Stretch Your Donation Dollars Further

Donating to causes or charities you believe in is one of the best ways to make a tangible difference—especially if you’re still quarantining and can’t do volunteer work in person.

But before you send any money, make sure you look for any and all opportunities to have your donations matched. This could be through your employer, a national fundraising drive, Twitch streamers, or even friends and acquaintances offering their own matches via social media.

Also make sure the charity you’re supporting wisely uses its donations. Sites like Charity Navigator and GuideStar can help you choose a nonprofit that will maximize the use of your contributions.

Support Mental Health for Yourself and Others

Taking care of those around you is critical during moments of turmoil. But before you can properly take care of others, you must first take care of yourself.

There are plenty of online mental health services available to get the help you need from the comfort of your own home. Also consider checking into meditation; over time, it can greatly boost the control you have over your emotions.

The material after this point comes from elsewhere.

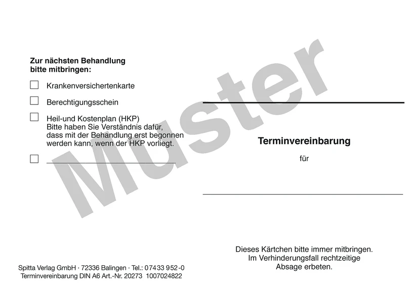 Eine Zusatzinformation warum es so wichtig ist, dass Termine eingehalten werden und praktische Ankreuzfelder mit Informationen was die Patienten zum nächsten Termin eventuell noch mitbringen müssen, befinden sich zusätzlich auf dieser Karte.
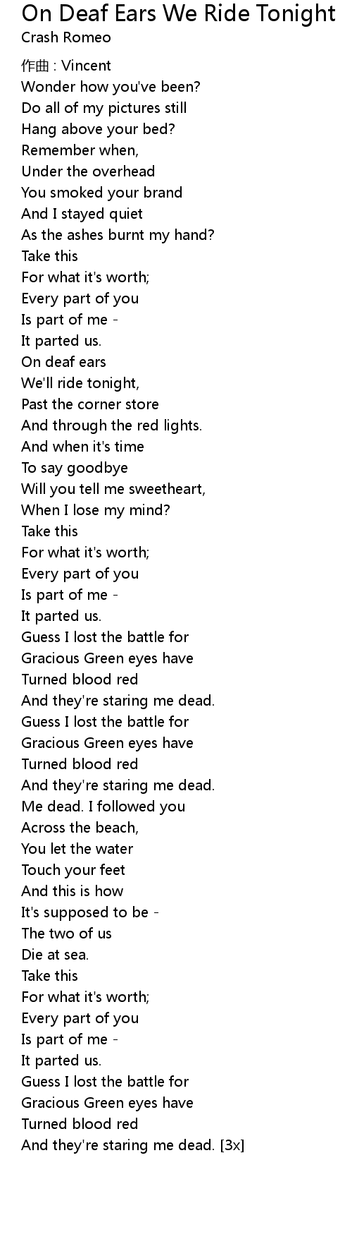 | 歌曲 | On Deaf Ears We Ride Tonight |

Once your own mental well-being is in a (relatively) good place, start reaching out to others who need help too. Asking about someone’s life and empathetically listening to their problems can make a much bigger impact than you realize.

Make Local the Focal

Trying to process the global scale of humanity’s issues naturally feels overwhelming. That’s why it’s important to recognize your biggest influence is over your own community.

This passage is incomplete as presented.